Из сказанного можно сделать вывод, что Орлов, не будучи официальным членом тайного общества, весьма активно участвовал в общественной или даже политической жизни.
Далее Волконский пишет:
«Я взошёл в кружок людей мыслящих, что жизнь и дела их не ограничиваются шарканьем и пустопорожней жизнью петербургских гостиных и шагистикой военной гарнизонной жизни, и что жизнь и дела их посвящены должны быть пользе родины и гражданским преобразованиям, поставляющим Россию на уровень гражданского быта, введённого в Европе в тех государствах, где начало было не власть деспотов, но права человека и народов…»{270}
Всё это так, да только куда было деться Орлову от той самой «шагистики военной гарнизонной жизни», коли он продолжал служить и рассчитывал на какое-то продвижение по службе? Вернее, не на «какое-то», а на такое, что соответствовало бы его уровню, опыту и заслугам!

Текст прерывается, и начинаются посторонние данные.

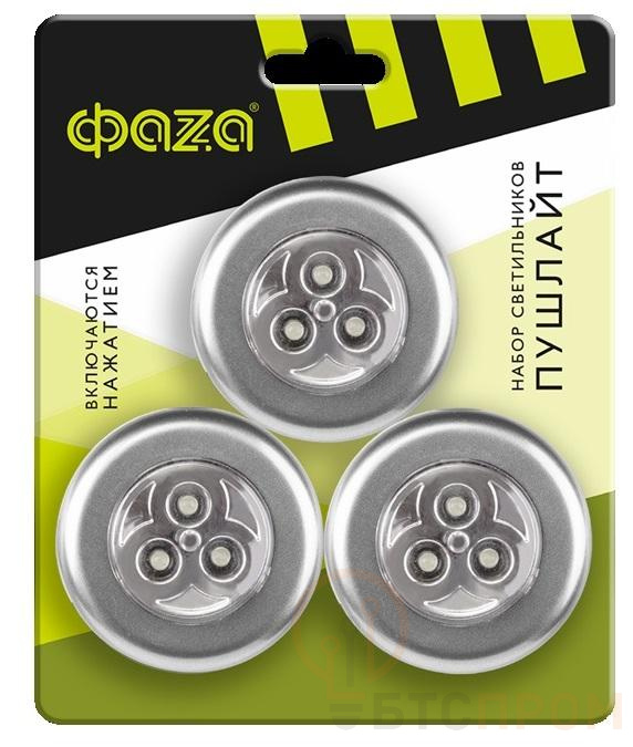 Набор светодиодных светильников TF3-3хL3-R-sr кругл. 15лм (3хAAA не в компл.) IP20 серебр. (3шт в блистере) ФАZА 5041745

«Когда весною 1819 г. открылась вакансия начальника штаба гвардии и друзья Орлова в Петербурге захотели выставить его кандидатуру на эту видную должность, он решительно отверг их предложение. “Что мне делать в Петербурге? — писал он по этому поводу А. Раевскому. — Как я возьму на себя должность, которую оставить можно только вследствие опалы, занимать — только по милости? Вы меня знаете: похож ли я на царедворца и достаточно ли гибка моя спина для раболепных поклонов? Едва я займу это место, у меня будет столько же врагов, сколько начальников… Конечно, лучше быть начальником главного штаба, чем начальником бригады, но ещё лучше командовать дивизией. Поэтому я оставлю своё нынешнее место только для того, чтобы принять командование, а не для того, чтобы повиноваться другому, потому что из всех известных мне начальников я предпочитаю того, кому сейчас подчинён…”»{271}.

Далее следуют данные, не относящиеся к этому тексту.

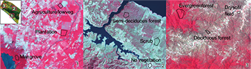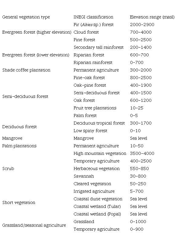 Supervised classification of the image was done in this program to determine the land cover classes: evergreen forest (primary and secondary coniferous, cloud, and rainforest), mangrove, palm plantations, semi-deciduous forest (oak, pine-oak, fruit tree), deciduous forest, scrub, irrigated agriculture or short vegetation (often wetlands), grassland or seasonal agriculture, areas without vegetation (bare soil, rock, urban areas), water (lakes, rivers, coastal waters within the study area), and cloud cover (Table II). Evergreen forests, mangroves and palm plantations were determined as separate classes for areas dominated with tree cover which appeared as darker red in the combination of satellite images. As these evergreen forest types had similar spectral characteristics, images covering the coast and coastal plains were classified separately from the mountain and inland areas to avoid an erroneous classification of mangroves or palm plantations within the entire study area.

Далее Орлов просит сына своего корпусного командира узнать, «как относится ко мне общественное мнение». Ранее, кстати, он просил Александра выяснить, не забывают ли его при дворе — и вообще, как там к нему относятся?

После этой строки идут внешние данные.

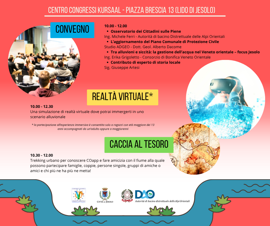 - 10:00 - 12:30: “Safer water: cosa fare in caso di alluvione?” Una simulazione di realtà virtuale dove potrai immergerti in uno scenario alluvionale. Dai 13 anni

Генерал льстил себя надеждой, что через какое-то время государству понадобятся люди «благомыслящие и умеющие видеть дальше своего носа», «чистые люди»… Однако войн в нынешнее царствование больше не будет, а опыт российской истории неоднократно уже доказал, что потребность в истинных военных профессионалах — мыслящих, инициативных, независимых — у государства возникает лишь после первых неудач очередной войны. До этого же в почёте «паркетные» военачальники, умеющие чётко организовывать и блистательно проводить парады…
Войны не предвиделось, а потому дивизию под команду Орлову — хотя об этом пять раз просили и высокопоставленные друзья его, и его командиры, то есть Раевский и граф Витгенштейн, — император не давал.